The observed splenic/ testicular alterations can be reasonably attributed to sodium arsenate exposure, as other potential contributory factors were carefully minimized. All animals were age-matched, maintained under identical housing, dietary, and environmental conditions, and were free from clinical illness or stress-related exclusion criteria. The absence of comparable splenic/ testicular changes in the control group across all time points further excludes handling stress, nutritional deficiency, infection, or procedural artifacts as causes, thereby strengthening the causal association between arsenic exposure and the documented splenic histopathological changes.

Conclusion

The present study demonstrated that arsenic exposure produces progressive alterations in both the spleen and testes of male albino rats, with microscopic changes often preceding gross abnormalities.
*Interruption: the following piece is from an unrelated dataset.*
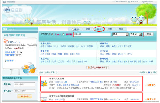 8、点击查找后,打开进入新的"旺旺群"的页面,其中有关创意玩具的旺旺群,就会展示在面前。浏览或加入相关感兴趣的群,进一步了解供应商的信息,并可以进一步与他们进行选择性的洽谈。
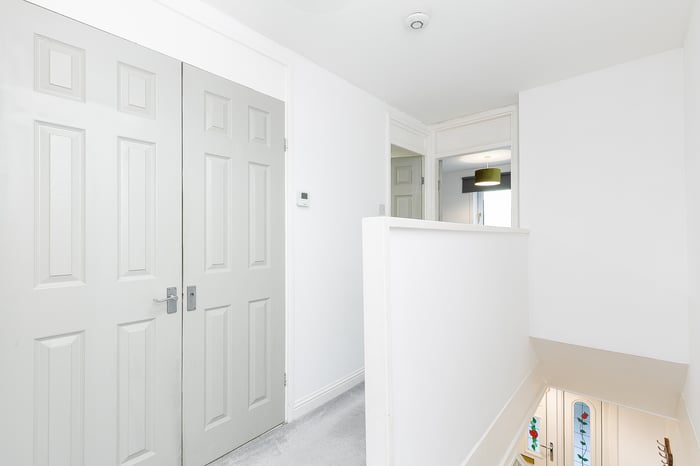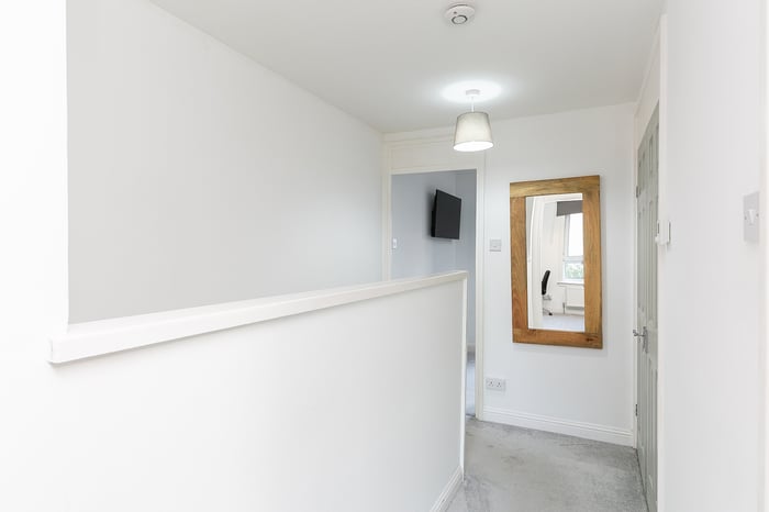 Set to the front, the kitchen is fitted with modern units and worktops, a stainless steel sink with drainer, and a splashback surround. Appliances include an integrated oven and gas hob; whilst ample space is available in both the kitchen and the utility cupboard upstairs for further white goods. On the upper floor, the master bedroom is set to the rear with carpeted flooring, a built-in storage cupboard, a TV wall mount and a modern en-suite shower room.

In the spleen, early exposure was associated with subtle histological changes, while prolonged exposure led to congestion, discoloration, and architectural disruption, suggesting impaired immune function. Similarly, the testes exhibited a sequence of changes beginning with preserved gross morphology but early microscopic vacuolization and disorganization of seminiferous tubules. With extended exposure, these changes progressed to reduced testicular size, loss of Leydig cells, depletion of germinal epithelium, vascular congestion, and gross atrophy. The findings indicated that arsenic has both immunotoxic and gonadotoxic effects, which intensify with longer durations of exposure. Importantly, the study underscored that microscopic alterations appear much earlier than visible gross changes, making histopathological evaluation critical for detecting early organ damage induced by arsenic toxicity.